From an architectural perspective, I think it's a mistake to further couple BOSH
with Cloud Foundry. During our CF containerization work, we've found that has
already lead to bad coding practices. I am referring to ERB templates and tight
coupling to monit.
But BOSH does have great primitives. It prescribes how code needs to be
organized, built and configured. That makes the codebase great for
experimentation with other deployment mechanisms and strategies.
For that reason, I think using the BOSH release as a form to package the
certified code of Cloud Foundry is a good idea. But using BOSH to deploy Cloud
Foundry would cut off the drive to experiment. Which means that no one will pay
attention to the problems that come from tightly coupling the two systems.
Furthermore, BOSH is a deployment mechanism for the VM world. Given the current
investment of the industry towards containers, why are we trying to further tie
Cloud Foundry to a VM-based infrastructure?
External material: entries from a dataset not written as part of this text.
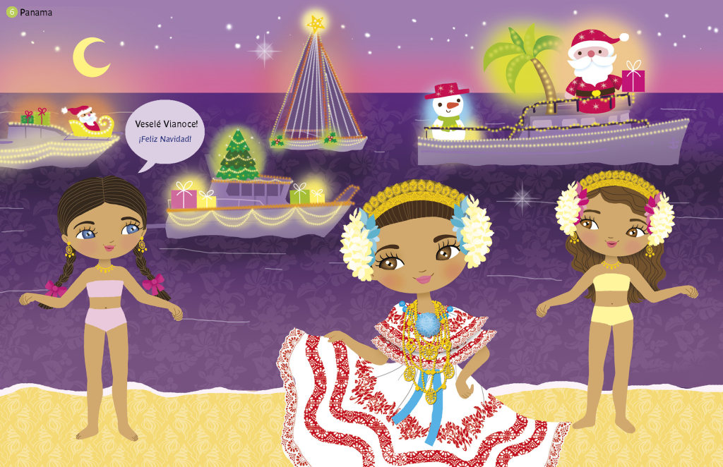 Objevujte, jak se slaví Vánoce v různých koutech světa! Oslavujte s panenkami po celé zeměkouli. Doprovoďte je na přehlídku překrásně osvětlených lodí v Panamě, na tradiční vánoční trhy v Německu nebo zavítejte do domečku Santa Clause. Díky této novince ze série, která patří k našim nejprodávanějším, poznají malí čtenáři tím nejjednodušším a zároveň hravým způsobem, jak se slaví Vánoce za našimi hranicemi, poznají cizí zvyky, módu i mnohá zajímavá místa. Atraktivní obrázky mohou doplňovat více než 300 úžasnými samolepkami!| EAN | 9788076771796 |
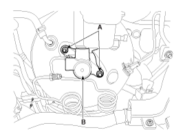 Снимите главный цилиндр (В) с усилителя тормозов, предварительно ослабив крепежные гайки (А).
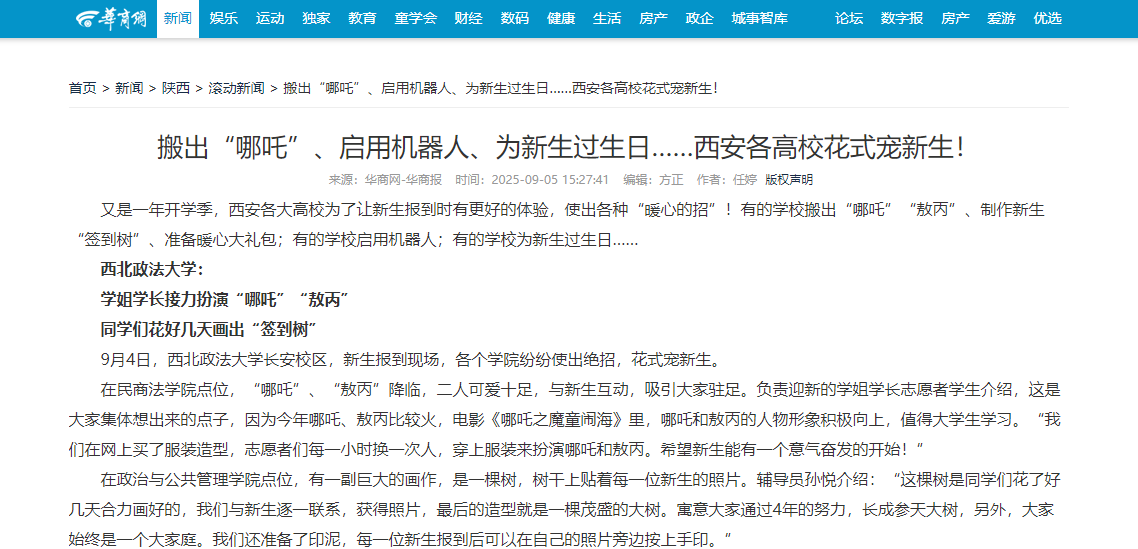 【华商报】搬出“哪吒”、启用机器人、为新生过生日……西安各高校花式宠新生!http://ehsb.hspress.net/shtml/hsb/20250905/727541.shtml

On 10/28/16, 11:04 AM, "Topnik, Troy" <troy.topnik(a)hpe.com> wrote:

It's important that this community understands that the *inclusion* of BOSH in the 2017 certification would *exclude* the Stackato and ContainerCF distributions which were certified in 2016, possibly others. This draft moves the goalposts significantly.

Quoting Chip:

> It's about consistency across the distributions. Requiring BOSH as the
> deployment method gives us two key things: (1) much more consistency for
> operators of the platform and (2) a consistent target (really a least common
> denominator) for ISV's packaging software for backing services. The value of
> consistency year over year doesn't diminish the value of experimentation
> outside of the certified distributions.

What about a consistent target for Cloud Foundry certified distributions? I completely disagree that this does not diminish experimentation. Companies will not invest in experiments that can never be commercially leveraged, and cannot make financial commitments without "consistency year over year" in the certification process itself.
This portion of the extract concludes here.